За перегородкой послышался скрип половиц. Двое сошли по ступенькам, шаги по земле. Первым вышел Баев. За ним, покачав головой – да, она не ошиблась – это был Свист. Вера Андреевна сидела, не дыша. Вот сейчас они заметят ее, и тогда... Даже и неясно, что будет тогда...
Но вот Степан Ибрагимович уже прошел мимо. Ему достаточно было чуть повернуть голову. Даже странно... Свист прошел вслед за ним. И тоже не заметил ее. Они пошли по тропинке к дому, и через минуту уже вошли на террасу.
Вера Андреевна вышла из беседки и в тени деревьев пошла в сторону от дома. Чувства ее смешались, но плакать уже расхотелось. Она не вполне поняла, о чем разговаривали они там, в беседке, но ясно было, что слышать этого ей не следовало. Она подумала, что будет лучше, если она выйдет из тени на освещенную лужайку подальше от беседки. Незнакомое или давно забытое ею чувство крадущегося человека, тяготило ее.
Когда она вошла на террасу, никто почти не обратил на нее внимания. Чувствовалось, что застолье движется к концу, атмосфера за столом была уже разморенная. Огромный, трехэтажный, частично разобранный торт возвышался посреди стола.
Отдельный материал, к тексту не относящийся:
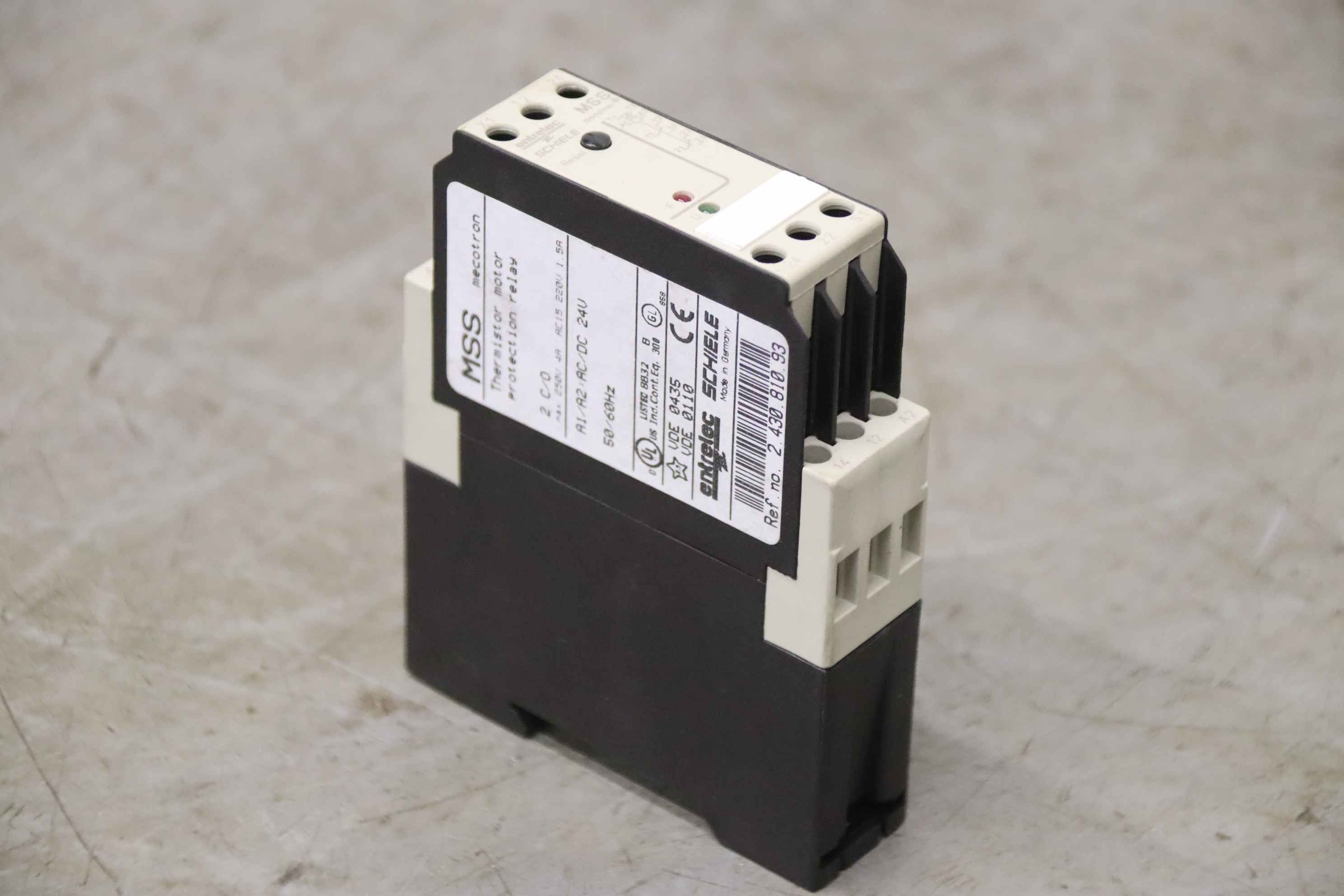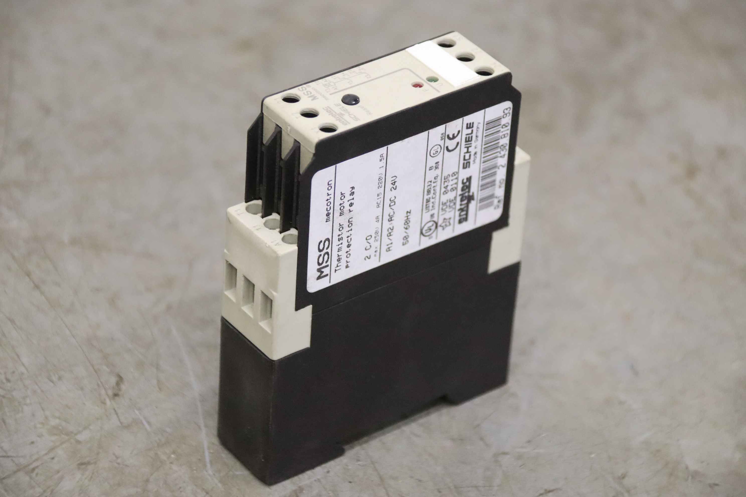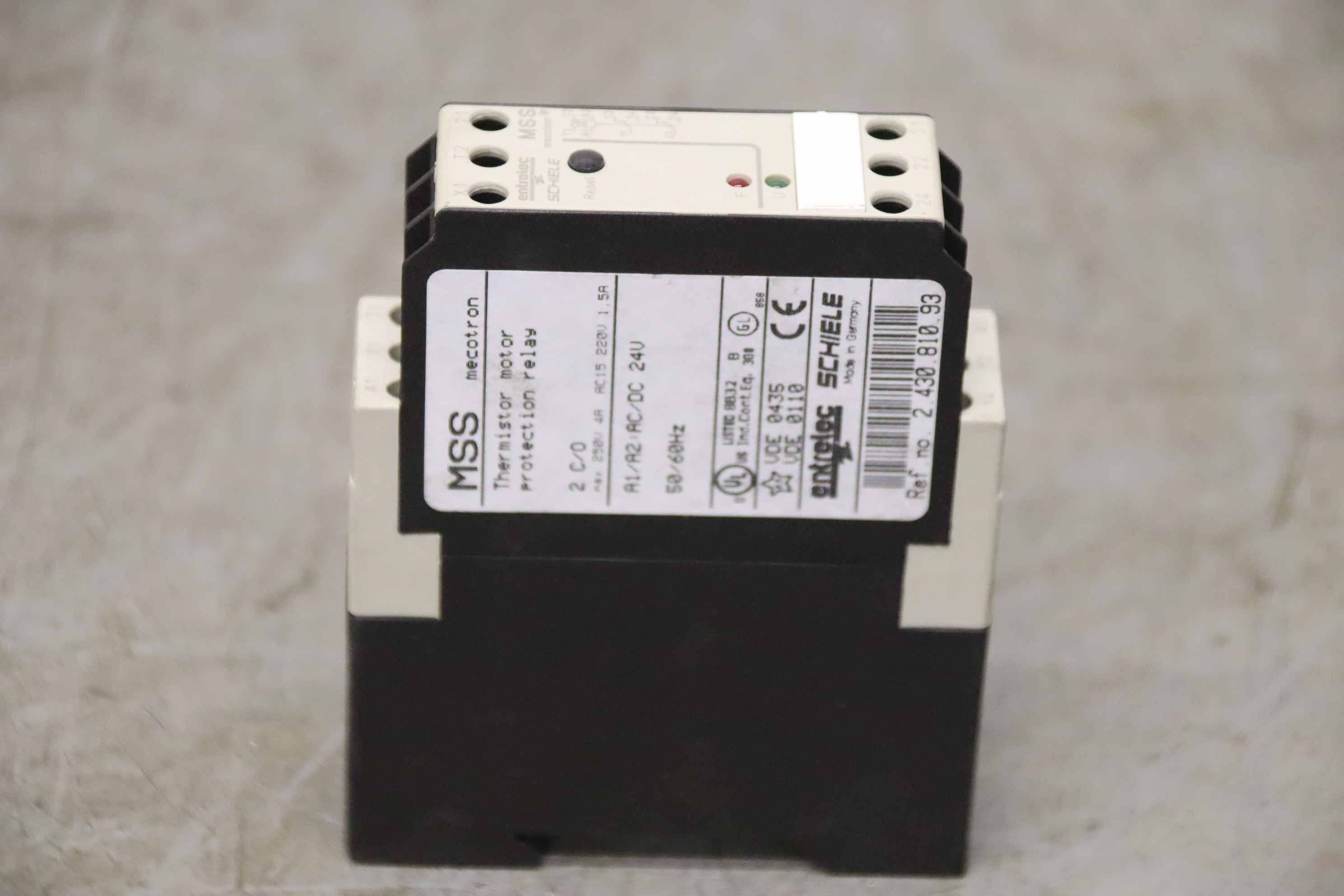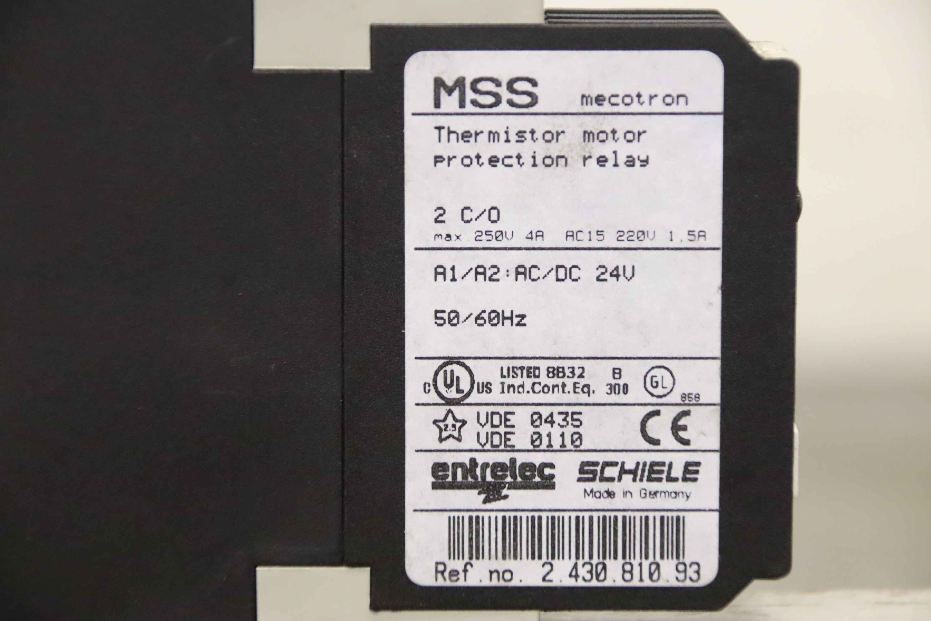 Motor protection relay, relay, heating current monitoring, preheating for generators, contactor, semiconductor contactor, contactor, motor protection, monitoring relay, thermistor-Manufacturer: Schiele, motor protection relay MSS mecotron 2 C/O unused in original packaging-Article number: 2.430.810.93-Voltage: max. 250 V / A1/A2: AC/DC 24V-Quantity: 17x relays available-Price per piece-Dimensions packaging: 80/25/H100 mm-Weight: 0.1 kg/pc.

Не убирали, впрочем, и остатки жаркого.
– Куда вы пропали? – спросил ее Харитон; по равнодушным ноткам в голосе его слышно было, что он обижен.
– Я по саду ходила, – сказала она, и пододвинула к нему хрустальный бокал. – У меня голова разболелась. Налейте мне водки, пожалуйста.
Харитон удивленно посмотрел на нее, но водки налил.
– Вот это дело, Верочка, – поддержал Леонидов. Давайте-ка выпьем дружненько. Предлагается тост за поэзию, повел он стопкой в сторону совершенно раскисшего уже Бубенко и чокнулся с Верой Андреевной. – А у нас тут, Вера, без тебя спор вышел, – добавил он, выпив. – Вот с гражданином Бубенко. Гражданин Бубенко между прочим утверждает, что литература не бывает внеклассовой. Каждое, мол, произведение, даже помимо воли автора, служит какому-нибудь классу. Я тогда спрашиваю у гражданина Бубенко – какому конкретно классу служили стихотворения поэта Пушкина. Если рассудить: в наличии на Руси было тогда два класса – класс феодалов и класс крестьян. Какому из них служила лира поэта Пушкина? А, Бубенко? Ты видишь, он только рукой машет. А я рассуждаю: если они служили классу феодалов, то есть были реакционны – на каком основании мы бы считали его сегодня великим поэтом? В то же время – каким образом могли бы они служить классу крестьян, если этот класс тогда не умел читать?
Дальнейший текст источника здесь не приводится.